We are focusing very heavily on the community aspects; the way we organise ourselves, the way we distribute Ubuntu and the way we encourage and support people to change it—those aren't really marketing efforts, but positioning efforts—they're saying ''this is what we're all about''. My hope is that if those ideas resonate with the open source community we'll move to the centre.
Jono: When I heard about Ubuntu, like many people, when it was quite an underground thing and there were a few rumblings about it here and there...
Mark: ...Yeah, "SSDS". [Shuttleworth's Secret Debian Startup]
Jono: At the moment, there seems to be no massive hype attached to it. People seem to be using it because they've heard that it's a technically good system. Do you plan to go down the same route as many of the other Linux distributors and hype it as much as possible?
Mark: Absolutely not. I think the way this is going to pan out; people will converge on something that works for them and so my focus is very much on making Ubuntu something that works for people. When you look at the structure of our team, it's very, very technically oriented. We don't have any real presence on the team that takes a traditional marketing approach. I think open-source is a phenomenal-phenomenon, but it's not a phenomenon that one should approach the way you would any consumer product.
The audience to market to—the users—are just not interested in that approach. For Ubuntu we want to take a completely different approach.
I imagine that some people will take Ubuntu and—if they want to—add proprietary software [to] produce "high-gloss", as it were, commercial products. They probably wouldn't carry the Ubuntu brand at all, we're not going to do that ourselves. I hope we start building a family of distributions that are derivatives, that share code, that share work, but which potentially take a different approach in identifying their core users and marketing approach to them.
Matt: Who do you see as the core Ubuntu users. Is it almost a meta-distribution where you provide the platform for other distributions or do you see there being direct end-users who are important to the project?
Mark: We do already have a very strong community and even with derivative distributions there is already a tremendous amount of cross-talk and cross-flow ...the sharing of ideas. I think derivative distributions and derived works are really important not just to distributions but to the whole open-source process. I think that's been borne out when we see a webserver, like Apache, gets stronger when other people take it and rebrand it, add[ing] to it... effectively investing some of their corporate or community culture in the product. I think we'll see the same thing happening with Ubuntu.
Jono: I was just going to say—this is related to the marketing-angle—it seems that that Canonical is basically a bottomless pit of cash at the moment. I don't want to dwell too much on the fact that you're filthy rich, Mark (and we're both very jealous...)
Mark: ...Yeah, disgustingly so! :-)
Jono: In terms of how much funding you've got, what is your focus on where you're going to spend this, is it going to be mainly spending it on employing the "cream of the crop" as you're done so-far?

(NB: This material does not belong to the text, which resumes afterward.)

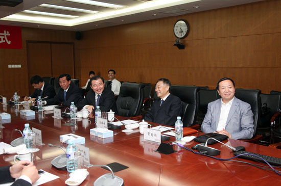 簽署協(xié)議前,中材集團董事長劉志江、總經理李新華與三一重工董事長梁穩(wěn)根、總裁向文波一行進行了會談。

Mark: That's the primary focus, there is a sort of pain-threshold which I won't cross, in the sense that I'm quite comfortable spending a certain amount of money to employ the very best team to focus on the work. But I fully appreciate that if your game plan is never, ever to charge for software then you have to keep costs quite tightly under control.
So while I maybe disgustingly wealthy and have been very fortunate in the past. I'm conscious that if we blow alot of cash now, we greatly reduce the chances of becoming sustainable because the revenue opportunities are always going to be somewhat indirect and so yes, we have picked up a phenomenal team and a team like that is not cheap, but in the bigger picture we're also running a very leen operation.
Jono: Do you think it's sustainable, obviously we're going through the honeymoon period at the moment, as an example, I was chatting to Jeff Waugh and he was saying how if a device isn't supported in Ubuntu, submit it as a bug—because it is a bug. I did that about a wireless-card and it was fixed and implemented in two weeks, which was incredible.
Do you think this can be sustainable so that one/two/three years down the line people are still going to be as responsive and reactive to the community?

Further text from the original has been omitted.